World Health Organization Collaborating Centre for Prevention of Blindness, Department of Ophthalmology, Juntendo University School of Medicine, 3-1-3 Hongo, Bunkyo-ku, Tokyo, Japan 113-8431.
Am J Public Health. 2010 Sep;100(9):1784-8. doi: 10.2105/AJPH.2009.187930. Epub 2010 Jul 15.
We assessed global inequality in eye health by using data on the global burden of disease measured in disability-adjusted life years (DALYs).

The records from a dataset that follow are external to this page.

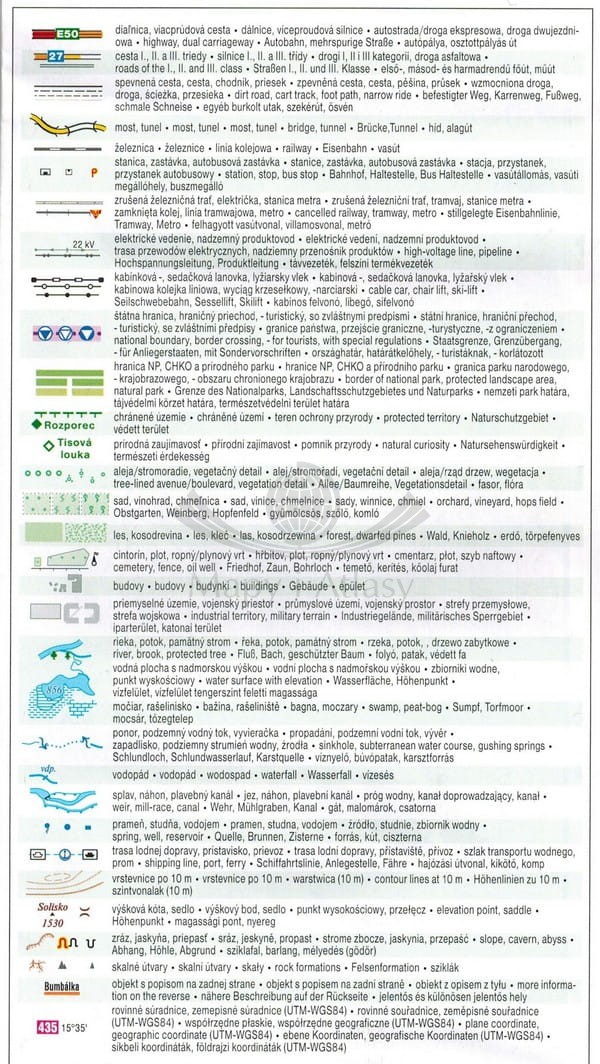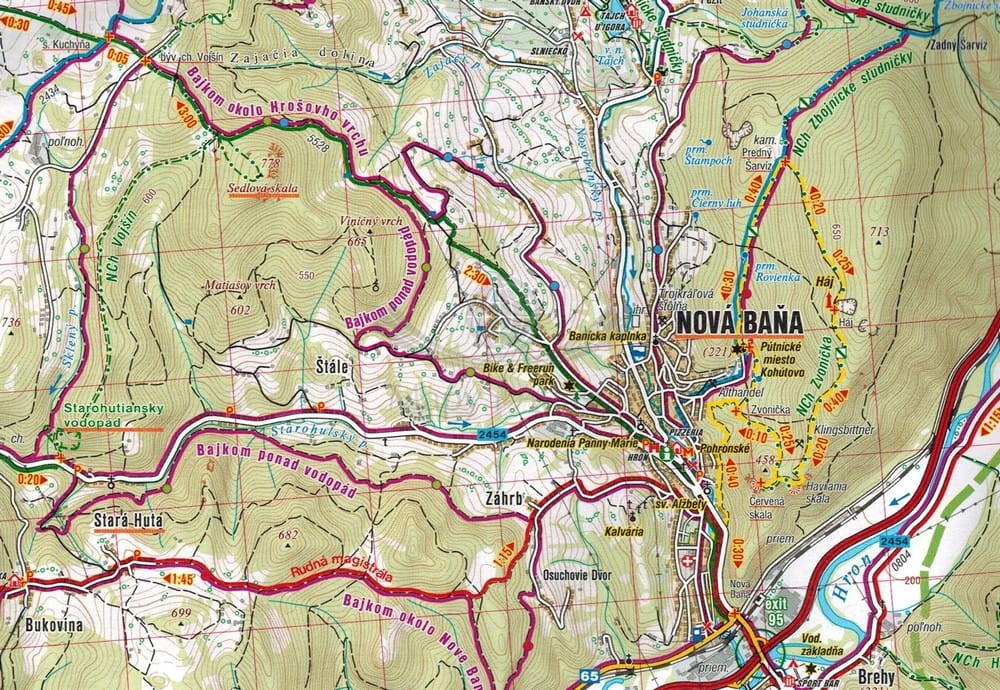 Na mapie widoczne ukształtowanie terenu. Zaznaczono szlaki piesze i rowerowe wraz z czasami przejść. Legenda również w języku polskim. Na odwrocie zdjęcia i krótki opis (w języku słowackim) ciekawych miejsc, obiektów oraz panoramiczna mapka terenu. Mapa zgodna z GPS.
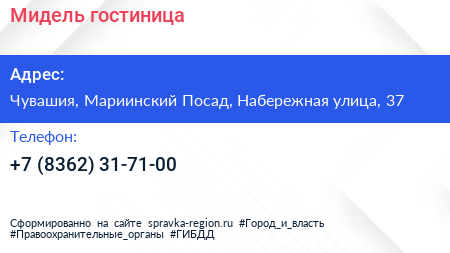 Мидель, гостиница по адресу Чувашия, Мариинский Посад, Набережная улица, 37 в дальнейшем Организация, размещена в следующих категориях:
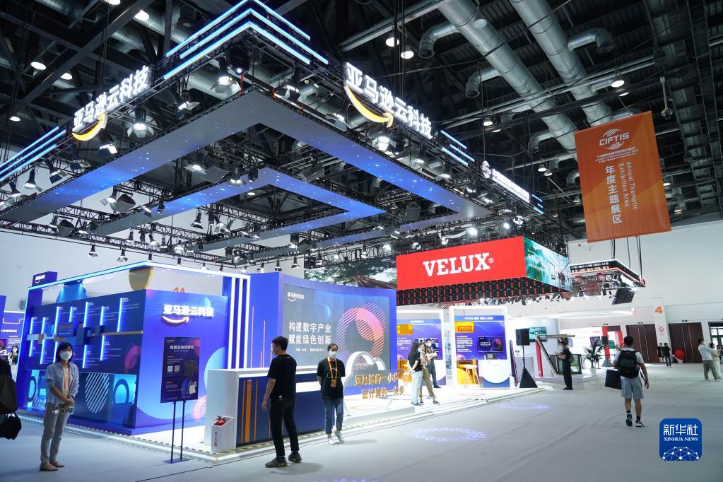 8月28日在國家會議中心一期拍攝的2022年服貿會年度主題展區。
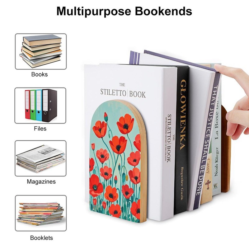 Wood Bookends Decorative Bookshelf Poppy Flowers Print Heavy Duty Wooden Book Shelf Decorate Bookshelves Book Stopper Book Holders Desk Accessories
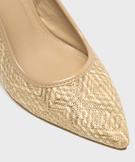 Ces escarpins slingback à bout pointu se distinguent par leur allure raffinée et leur matière originale. Conçus dans une matière effet raphia subtilement incrustée de fils métallisés, ils mêlent esprit naturel et touche d’éclat. Leur talon fin au design graphique élance la silhouette, tandis que la bride arrière, fermée par une boucle ovale, assure un excellent maintien. Des escarpins femme parfaits pour sublimer une tenue de cérémonie ou apporter une note sophistiquée à un look estival.
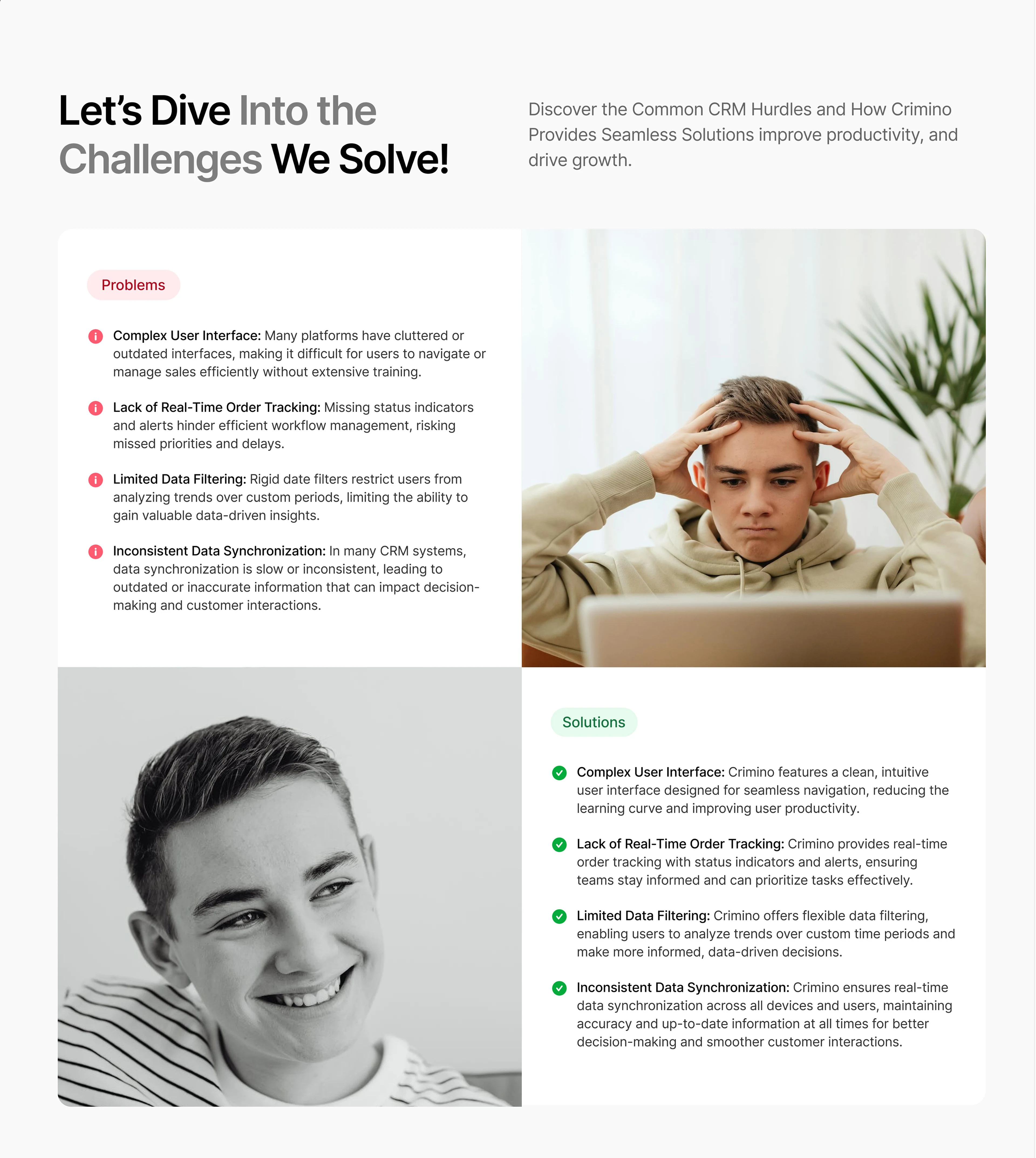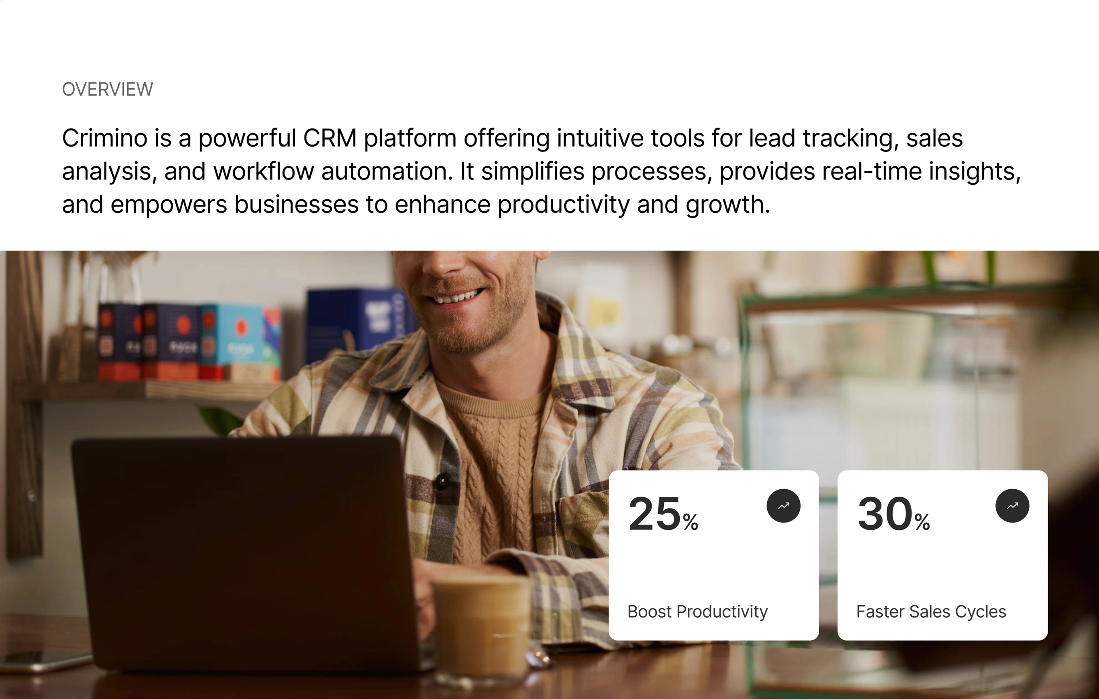 Crimino makes managing customer relationships effortless. Track leads, automate workflows, and focus on what matters—building lasting connections.

We estimated the burden of eye disease by calculating the sum of DALYs (from the Global Burden of Disease study, 2004 update) due to trachoma, vitamin A deficiency, glaucoma, cataract, refractive errors, and macular degeneration. We assessed the geographic distribution of eye disease in relation to economic status and etiology by calculating the Gini coefficient, the Theil index, and the Atkinson index.
The global burden of eye disease was estimated at 61.4 million DALYs worldwide (4.0% of total DALYs). Vitamin A deficiency and trachoma were distributed more unevenly than were noncommunicable eye diseases, regardless of economic status. For noncommunicable eye diseases, the major contributor was refractive errors, regardless of economic status. The most uneven distribution was observed for cataract (high-income countries) and refractive errors (middle- and low-income countries).

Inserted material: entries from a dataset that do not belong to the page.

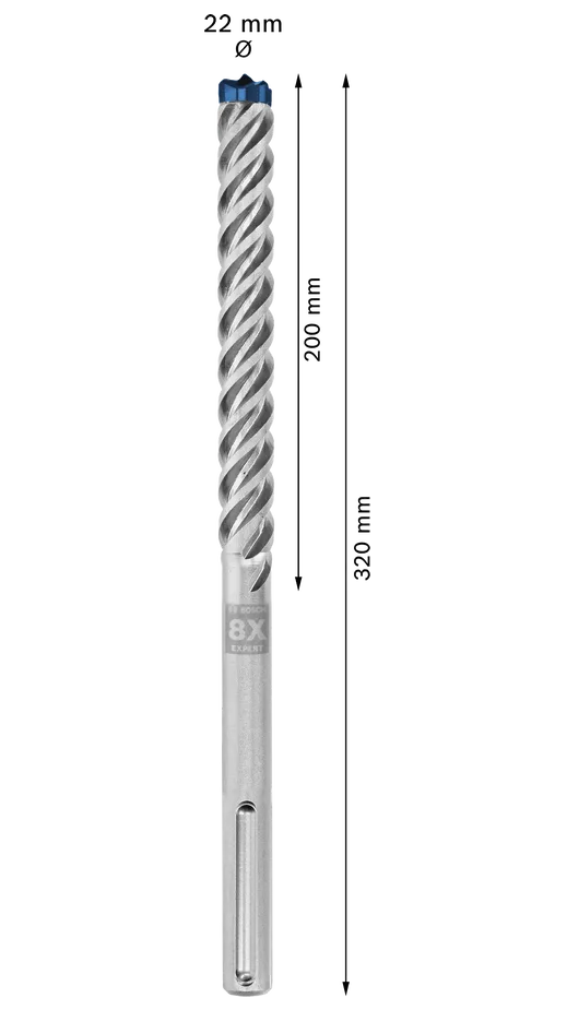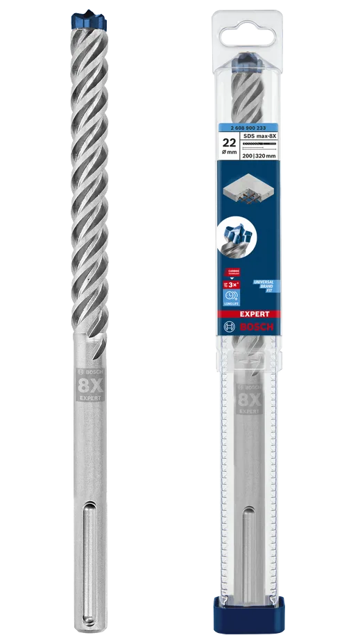 Wiertło udarowe Bosch EXPERT SDS max-8X umożliwia specjalistom z branży budowlanej regularne wiercenie w betonie i betonie zbrojonym, np. w przypadku kotew o dużej wytrzymałości lub przedłużeń prętów zbrojeniowych, zapewniając niezrównaną wydajność, niezawodność i trwałość. To jest osprzęt EXPERT do młotów udarowo-obrotowych SDS max.
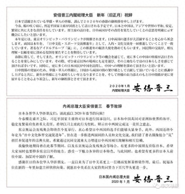 据悉,这是安倍晋三第8次通过《中文导报》发表春节致辞。包括2001年的小泉首相在内,这也是在任日本首相第14次通过《中文导报》向在日华人问候致意。
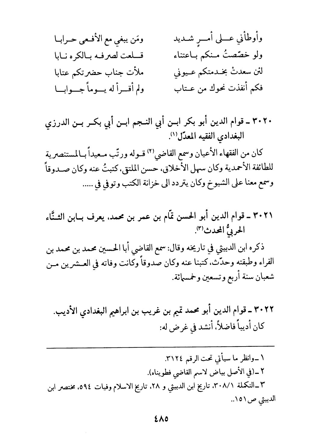 3022 - قوام الدين أبو محمد تميم بن غريب بن ابراهيم البغدادي الأديب.

Creating new eye health service for refractive errors and reducing the unacceptable eye health disparity in refractive errors should be the highest priorities for international public health services in eye care and eye health.

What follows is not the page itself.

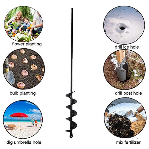 SYITCUN 2"(D) x24"(L) Garden Auger Drill Bit for Planting Solid Shaft Heavy Duty Auger Spiral Drill Bit for Planting Bulb Bedding Plants Plants Drill bit for 3/8” Hex Drive Drill, Black, 2“x24" Item Sku:
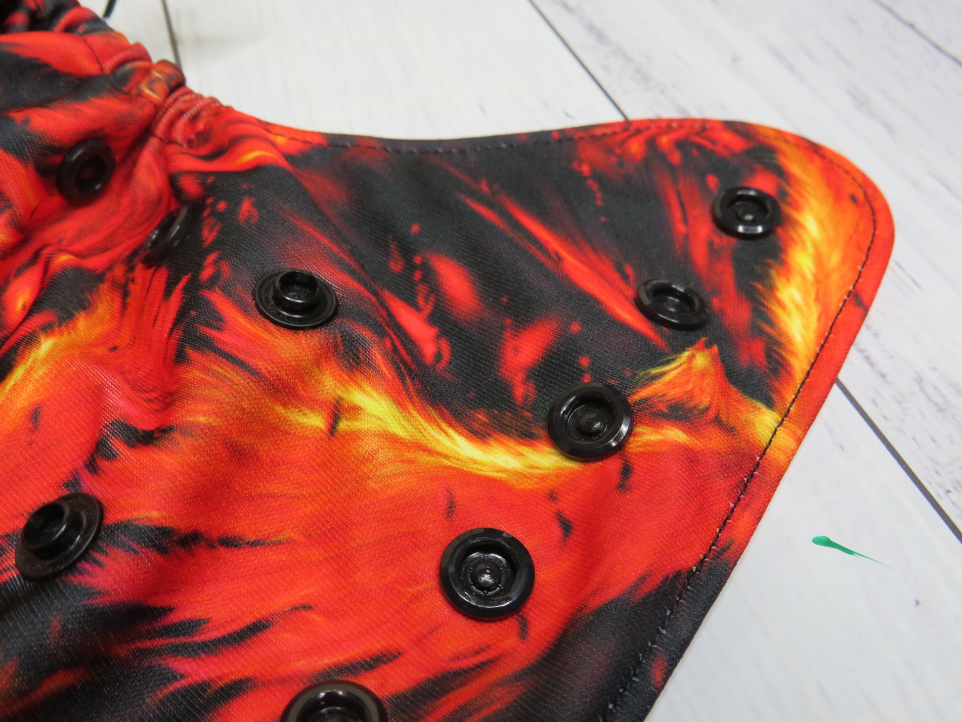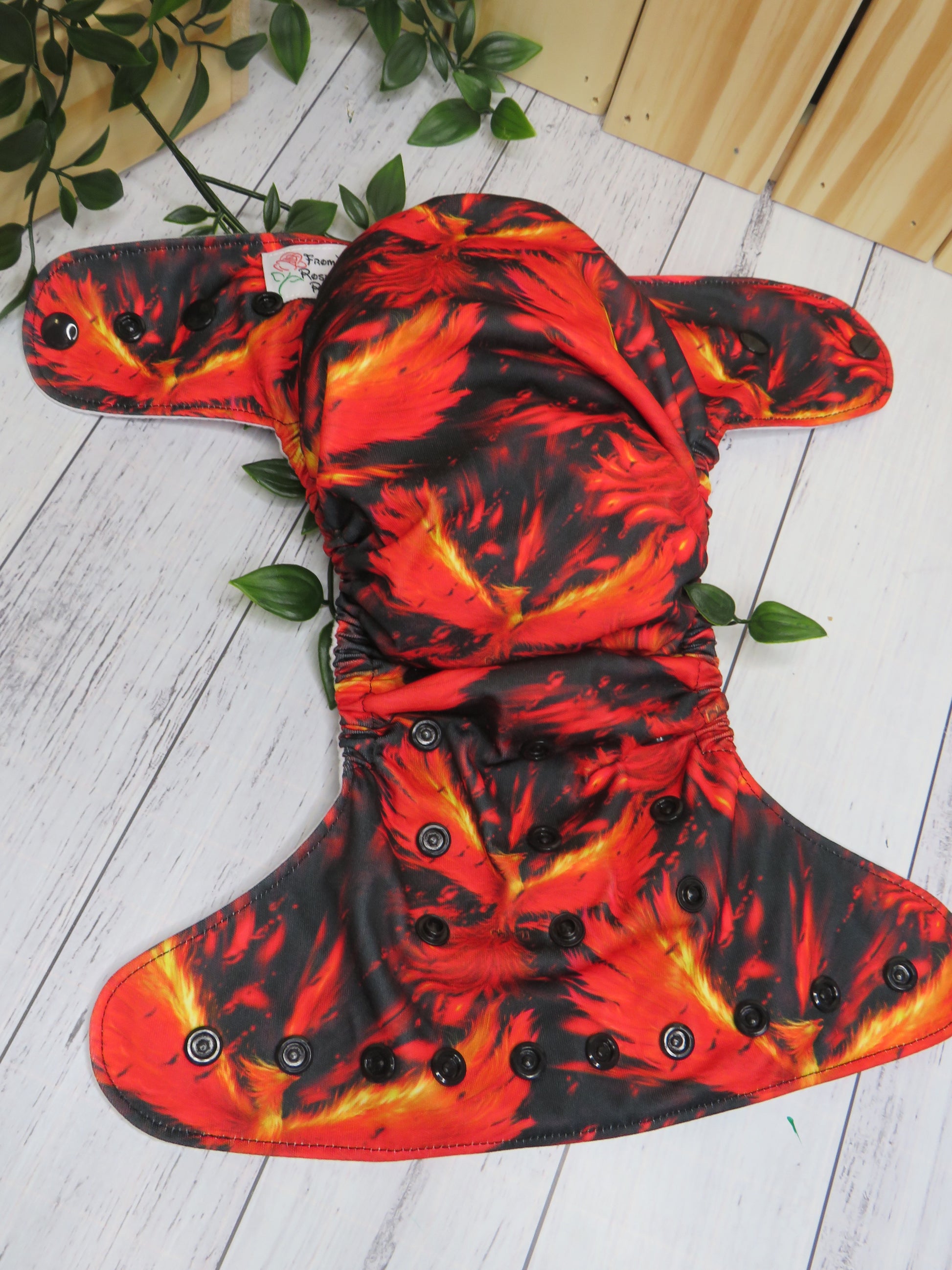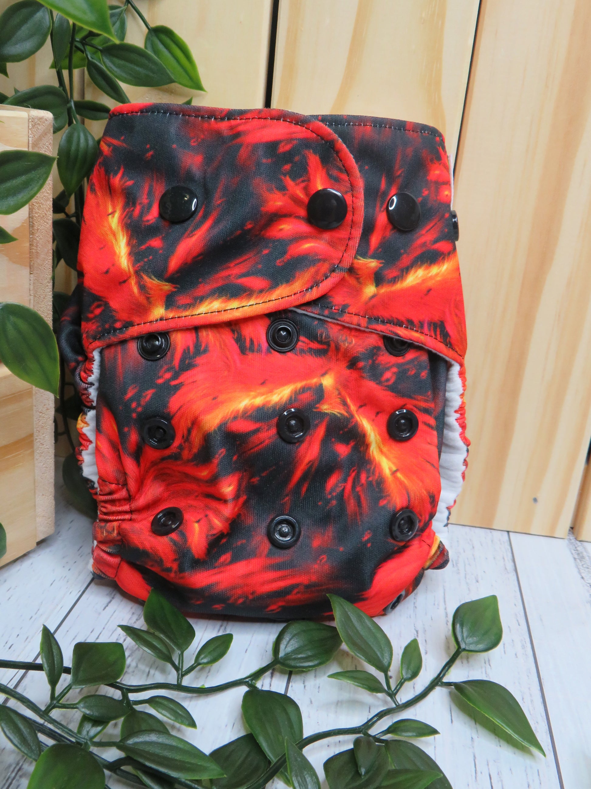 Each nappy comes with a snap in bamboo insert topped with suede cloth and a long bamboo snake insert that can be folded for where the absorbency is needed.

我们通过使用全球疾病负担研究(2004 年更新版)中的残疾调整生命年(DALY)数据,评估眼部健康的全球不平等状况。
我们通过计算沙眼、维生素 A 缺乏症、青光眼、白内障、屈光不正和黄斑变性引起的 DALY 总和,估算眼部疾病的负担。我们通过计算基尼系数、泰尔指数和阿特金森指数,评估眼部疾病的地理分布与经济状况和病因之间的关系。
全球眼部疾病负担估计为 6140 万 DALY(占总 DALY 的 4.0%)。无论经济状况如何,维生素 A 缺乏症和沙眼的分布都比非传染性眼部疾病更不均匀。对于非传染性眼部疾病,主要的原因是屈光不正,无论经济状况如何。白内障(高收入国家)和屈光不正(中低收入国家)的分布最不均匀。
为屈光不正创造新的眼部健康服务,并减少屈光不正方面不可接受的眼部健康差距,应成为国际眼保健和眼部健康公共服务的最高优先事项。